The food court has been dubbed Le Fou Fou and contains about 900 indoor seats and another 400 outdoor seats. The food mall is set to offer a dozen dining options as well as four bars and in-house catering. It is also slated to contain a large-scale aquarium to be completed around 2026.

Carbonleo CEO Andrew Lutfy, the main force behind the project, talked to journalists on a tour prior to the launch of Royalmount Mall from the skybridge connecting the shopping centre to the metro. (Kristian Gravenor/CoStar)

Carbonleo has planned the current retail operation as the first of several development stages. Plans call for several additions to the site, including a luxury hotel on the southern flank and five office towers on the northern end.

Lutfy said the towers would be A-class downtown structures, similar to 1000 De La Gauchetière W. and the new National Bank headquarters.

"Some say the office sector is the worst commercial real estate sector these days, which is absolutely true," Lutfy said.

Major undertaking

The Royalmount Mall is not only the largest retail real estate project in Montreal in many years but it has also sparked concerns that large numbers of shoppers could increase traffic on the Decarie Expressway, the busy traffic hub it ajoins. The mall would become Canada’s second-largest behind the West Edmonton Mall if all the planned stages are ever built out.

Lutfy told two dozen reporters during a tour of the mall that he aims for two-thirds of shoppers to get to the site via public transit. Carbonleo invested roughly $50 million in a 200-metre footbridge connecting the mall over the Decarie Expressway to the De la Savane metro station to encourage the use of the public transit option.

“I’ve done my part,” said Lutfy. “I have invested $50 million to connect to the metro line. It’s not a small thing. It’s an important connection. It is nearly impossible to execute, to get approval for and yet we did it."

The mall has a dining area branded Le Fou Fou containing roughly 900 indoor seats and 400 outdoor seats. (Kristian Gravenor/CoStar)

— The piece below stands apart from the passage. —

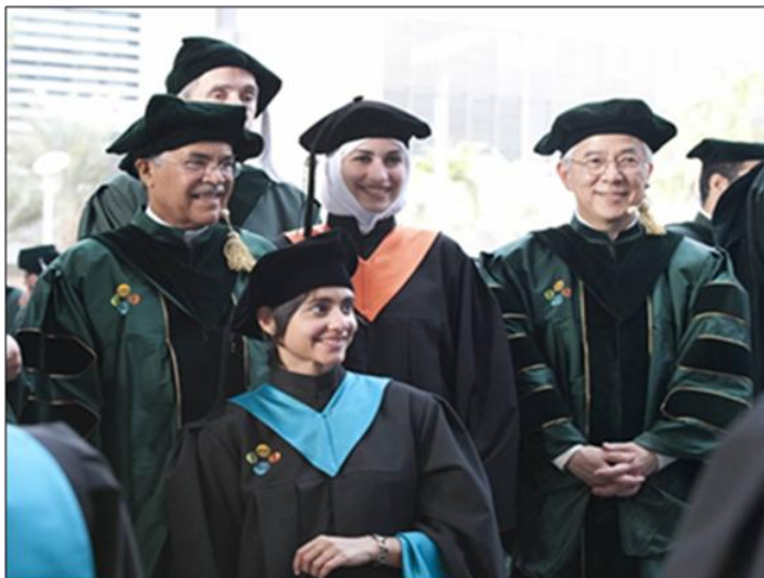
Inaugural Commencement December 2010

When the Custodian of the Two Holy Mosques, King Abdullah bin Abdulaziz al Saud, first gave me an audience in 2008 in his Royal Court, he shared with me his long-held dream. He envisioned a university that would rekindle the Golden Age of Islamic Civilization, together with its great traditions of learning and scholarship. This graduate research university of science and technology was to be a gift to the Kingdom and to the world. More than that, the King wanted it to be a 'living gift' to benefit future generations in the Kingdom and beyond.

Lutfy told CoStar News that his company also owns land across the Decarie Expressway near the metro station where he hopes eventually to build housing.

The demographics in the densely-populated area are promising for the project, according to Lutfy who said that 87% of local millionaire households live within a 20-minute drive of the site and 1.2 million people live within a 15-minute drive, while the area has five times more university-educated residents than the local average.

He said that many nearby residents have a mother tongue other than English or French, and he identified that demographic as being more open to global and American brands.

The shopping centre has 4,000 outdoor parking spaces. Parking is free for 30 minutes or less, and motorists who download the mall's app get a second half-hour free. Each half-hour thereafter costs $2.50.

Carbonleo hopes to include a housing component at the mall but municipal authorities in the Town of Mount Royal have not approved that part of the plan. Lutfy told reporters Tuesday that he plans to persist in seeking approvals to add housing to the property.

The mall was completed with financial help from L. Catterton, an arm of French billionaire Bernard Arnault’s LVMH luxury consumer goods empire.